Los panelistas contrarios a esta previsión consideran que en 2024 se mantendrán todavía las caídas en el volumen de transacciones, hasta que se produzca un encuentro entre oferta y demanda que permita el nuevo aumento de las mismas. Estos panelistas mencionan, entre otras razones, el comportamiento esperado de la inflación, las nuevas reformas legislativas en construcción y alquiler, así como la extensión de los requisitos de sostenibilidad en el sector, que tenderán a elevar los costes de construcción y no permitirán aumentos significativos de las transacciones.

En palabras de Paloma Arnaiz, Secretaria General de la AEV, “la XX edición de nuestro Observatorio pone de manifiesto que los problemas estructurales del mercado inmobiliario español, lejos de resolverse, siguen alimentando el desencuentro entre oferta y demanda, lo que impide que se relaje la tensión de precios en las principales ciudades.
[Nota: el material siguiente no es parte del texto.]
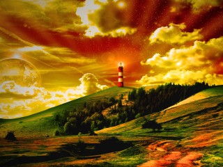 Фэнтези обои природы и маяка 3D фото - 320x240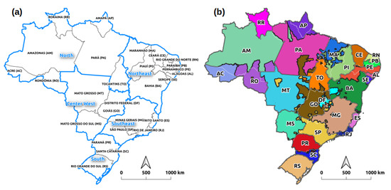 (a) Brazil states and regions; (b) regions of Influence of cities (REGIC, source: Brazilian Institute of Geography and Statistics (IBGE)) aggregated per state (statewide REGIC (SREGIC)). AC: Acre; AP: Amapá; AM: Amazonas; PA: Pará; RO: Rondônia; RR: Roraima; TO: Tocantins; AL: Alagoas; BA: Bahia; CE: Ceará; MA: Maranhão; PB: Paraíba; PE: Pernambuco; PI: Piauí; RN: Rio Grande do Norte; SE: Sergipe; DF: Distrito Federal; GO: Goiás; MT: Mato Grosso; MS: Mato Grosso do Sul; ES: Espírito Santo; MG: Minas Gerais; RJ: Rio de Janeiro; SP: São Paulo; PR: Paraná; RS: Rio Grande do Sul; SC: Santa Catarina.

Urge poner en marcha planes a medio y largo plazo que ayuden a corregir la escasez de oferta, tanto en venta como en alquiler”.

El informe de coyuntura del Observatorio de la Valoración se elabora periódicamente y tiene como objetivo recoger el debate abierto entre los socios de la AEV y un grupo de expertos ajenos a las empresas de valoración sobre temas relacionados con la evolución del sector inmobiliario. El objetivo es hacer partícipe de los resultados al mercado y a la sociedad. Este informe y otros de interés general están disponibles al público en la web de la AEV.

 

[1] En esta edición: Antonio Mora (UAH), Julio Rodríguez (INE), José Manuel Gómez de Miguel (BE), Leyre López (AHE) y Santiago Carbó (FUNCAS).